O motivo da demissão?

Marco estava imediatamente atrás do presidente do Tribunal no momento em que o ministro usava um caixa rápido, localizado no interior da Corte.

A explosão do presidente do STJ ocorreu na tarde da última terça-feira (19) quando fazia uma transação em uma das máquinas do Banco do Brasil.

No mesmo momento, Marco se encaminhou a outro caixa - próximo de Pargendler - para depositar um cheque de uma colega de trabalho.

Ao ver uma mensagem de erro na tela da máquina, o estagiário foi informado por um funcionário da agência, que o único caixa disponível para depósito era exatamente o que o ministro estava usando.

Segundo Marco, ele deslocou-se até a linha marcada no chão, atrás do ministro, local indicado para o próximo cliente.

Incomodado com a proximidade de Marco, Pargendler teria disparado: “Você quer sair daqui porque estou fazendo uma transação pessoal."

Marco: “Mas estou atrás da linha de espera”.

O ministro: “Sai daqui. Vai fazer o que você tem quer fazer em outro lugar”.

Marco tentou explicar ao ministro que o único caixa para depósito disponível era aquele e que por isso aguardaria no local.

Diante da resposta, Pargendler perdeu a calma e disse: “Sou Ari Pargendler, presidente do STJ, e você está demitido, está fora daqui”.

Até o anúncio do ministro, Marco diz que não sabia quem ele era.

Fabiane Cadete, estudante do nono semestre de Direito do Instituto de Educação Superior de Brasília, uma das testemunhas citadas no boletim de ocorrência, confirmou ao blog o que Marco disse ter ouvido do ministro. “Ele [Ari Pargendler] ficou olhando para o lado e para o outro e começou a gritar com o rapaz.

Avançou sobre ele e puxou várias vezes o crachá que ele carregava no pescoço. E disse: "Você já era! Você já era! Você já era!”, conta Fabiane.

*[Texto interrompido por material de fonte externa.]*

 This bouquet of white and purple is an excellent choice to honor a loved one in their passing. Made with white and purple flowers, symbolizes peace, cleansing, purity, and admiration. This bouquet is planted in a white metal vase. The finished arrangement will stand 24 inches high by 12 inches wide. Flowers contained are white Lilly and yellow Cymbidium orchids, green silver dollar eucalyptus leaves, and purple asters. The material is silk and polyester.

“Fiquei horrorizada. Foi uma violência gratuita”, acrescentou.

Segundo Fabiane, no momento em que o ministro partiu para cima de Marco disposto a arrancar seu crachá, ele não reagiu. “O menino ficou parado, não teve reação nenhuma”.

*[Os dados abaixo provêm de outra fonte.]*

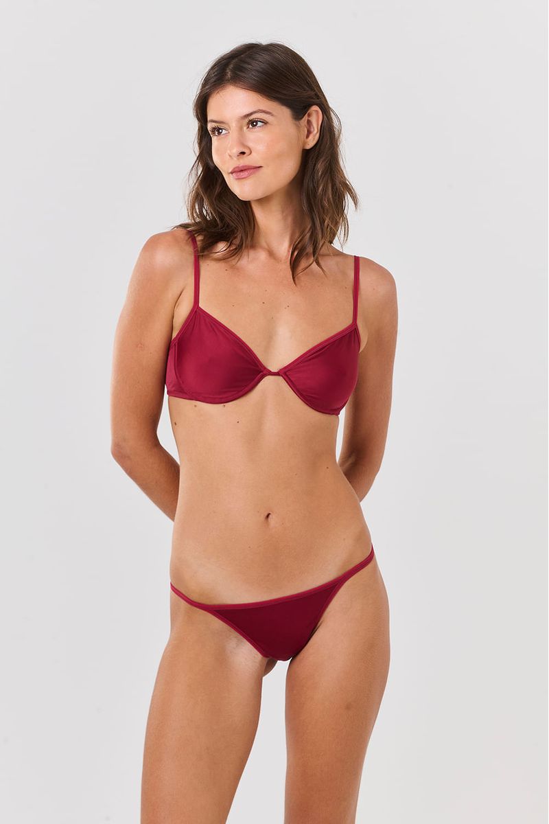 No tom carmim, traz um visual moderno e feminino. Ideal para usar com roupas mais ajustadas, como vestidos, saias e calças de tecidos leves ou finos. Para maior discrição, funciona melhor sob peças em cores médias ou escuras. É perfeita tanto para o dia a dia quanto para momentos em que você quer se sentir confortável e confiante.
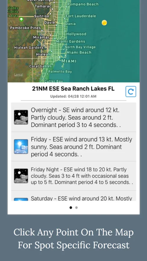 Simply tap anywhere on the map and view NOAA's spot specific point & zone marine and tide forecast.
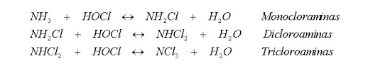 El amonio producido se combina con el cloro presente en el agua, formando productos derivados, conocidos como cloraminas (cloro combinado):

De acordo com colegas de trabalho de Marco, apenas uma hora depois do episódio, a carta de dispensa estava em cima da mesa do chefe do setor onde ele trabalhava.

Demitido, Marco ainda foi informado por funcionários da Seção de Movimentação de Pessoas do Tribunal, responsável pela contratação de estagiários, para ficar tranqüilo porque “nada constaria a respeito do ocorrido nos registros funcionais”.

O delegado Laercio Rossetto disse ao blog que o caso será encaminhado ao Supremo Tribunal Federal (STF) porque a Polícia Civil não tem “competência legal” para investigar ocorrências que envolvam ministros sujeitos a foro privilegiado."

Pargendler é presidente do STJ desde o último dia três de agosto. Tem 63 anos, é gaúcho de Passo Fundo e integra o tribunal desde 1995. Foi também ministro do Tribunal Superior Eleitoral. 

Viu só?

Agora você quer saber QUEM é o estagiário demitido? 

Ok, isso também saiu no blog do Noblat.

Quem é Marco, o estagiário demitido pelo presidente do STJ


Alvo de momento de fúria do presidente do Superior Tribunal de Justiça (STJ), Ari Pargendler

O estudante Marco Paulo dos Santos, 24 anos, nasceu na Grécia, filho de mãe brasileira e pai africano (Cabo Verde).

Aos dois anos de idade, após a separação dos pais, Marco veio para o Brasil com a mãe e o irmão mais velho. Antes de começar a estagiar no Tribunal fazia bicos dando aulas de violão.

Segundo ele, a oportunidade de estagiar no Tribunal surgiu no início deste ano. O estágio foi seu primeiro emprego.

“Não sei bem se foi em fevereiro ou março. Mas passei entre os 10 primeiros colocados e fui convocado para a entrevista final. O meu ex-chefe foi quem me entrevistou”, relembra.

Marco passou a receber uma bolsa mensal de R$ 600 e mais auxílio transporte de R$ 8 por dia.

“Trabalhava das 13h às 19h. Tinha função administrativa. Trabalhava com processos, com arquivos, com informações da área de pagamentos”, explica.

No período da manhã, ele freqüenta a Escola de Choro Raphael Rabello, onde aprende violão desde 2008.

À noite, atravessa de ônibus os 32km que separam a cidade de Valparaíso de Goías, onde mora, da faculdade, em Brasília, onde cursa o quinto semestre de Administração.

Sobre sua demissão do STJ, parece atônito: “Ainda estou meio sem saber o que fazer. Tudo aconteceu muito rápido. Mas já tinha planos de montar uma escola de música na minha região onde moro".